Last observation to make on this version of the code: the cudaHostRegister operation itself takes a very long time, almost 50 times the whole copy-process part, but we would assume that real applications would use more efficient memory management, like caching and reusing pinned memory pages.
Zero Copy
Next, we will attempt to use Zero-Copy approach, which uses mapped memory. The memory needs, again, to be pinned on the host, either with cudaHostAlloc or using cudaHostRegister (this time with cudaHostRegisterMapped flag). Next we will need to acquire device pointer which would refer the same memory with cudaHostGetDevicePointer and no explicit copying will be needed.

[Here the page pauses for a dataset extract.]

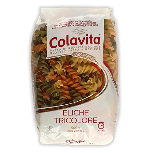 Colavita Eliche Tricolore Pasta (500g) | Durum Wheat Pasta | Imported From Italy | Pack of 2

The resulting code definitely looks simpler:
// First, pin the memory (or cudaHostAlloc instead) cudaHostRegister(h_a, …, cudaHostRegisterMapped); cudaHostRegister(h_b, …, cudaHostRegisterMapped); cudaHostRegister(h_c, …, cudaHostRegisterMapped); cudaHostGetDevicePointer(&a, h_a, 0); cudaHostGetDevicePointer(&b, h_b, 0); cudaHostGetDevicePointer(&c, h_c, 0); kernel<<<...>>>(a, b, c); cudaDeviceSynchronize(); // unpin/release host memory cudaHostUnregister(h_a); cudaHostUnregister(h_b); cudaHostUnregister(h_c);
The NVIDIA Visual Profiler does not give us meaningful insides to the kernel’s processing time breakdown, but it takes much longer – 70.1 msec (compared to 2.15 in previous version)
Unified Memory
Unified Memory not to be confused with Unified Virtual Addressing (UVA) feature – the latter means that devices with compute capability 2.0 and later do not need to call cudaHostGetDevicePointer after cudaHostAlloc, as the same address can be reused in the device memory space (you can even invoke cudaHostGetDevicePointer to validate that you are getting the same pointer back). Note that this is not the case for cudaHostRegister pinned memory. Otherwise UVA is an extension to a Zero-copy memory access.
Unified Memory is a feature that was introduced in CUDA 6, and at the first glimpse may look very similar to UVA – both the host and the device can use the same memory pointers. First difference is that Unified Memory does not require a non-pageable memory, and works with “regular” paged memory. Unified memory is allocated by cudaMallocManaged API. The memory is mapped into same virtual address both on the CPU and the GPU but the page appears as available in the memory only on one of the devices. Let’s assume the memory page is currently mapped on the CPU. When a device code will try to read the memory, a page fault will occur, and the Unified Memory driver will then unmap the memory from the host, map it to the GPU and will do the actual copying of the data. You will see this process in the Visual Profiler as Data Migration. We start from straight-forward use of the unified memory:
cudaMallocManaged(&a, size); cudaMallocManaged(&b, size); cudaMallocManaged(&c, size); // fill a and b with input data - memcpy kernel<<<...>>>(a, b, c); cudaDeviceSynchronize(); // access the memory on CPU – memcpy c to CPU memory
The result leaves space for improvement: total duration is 85 msec.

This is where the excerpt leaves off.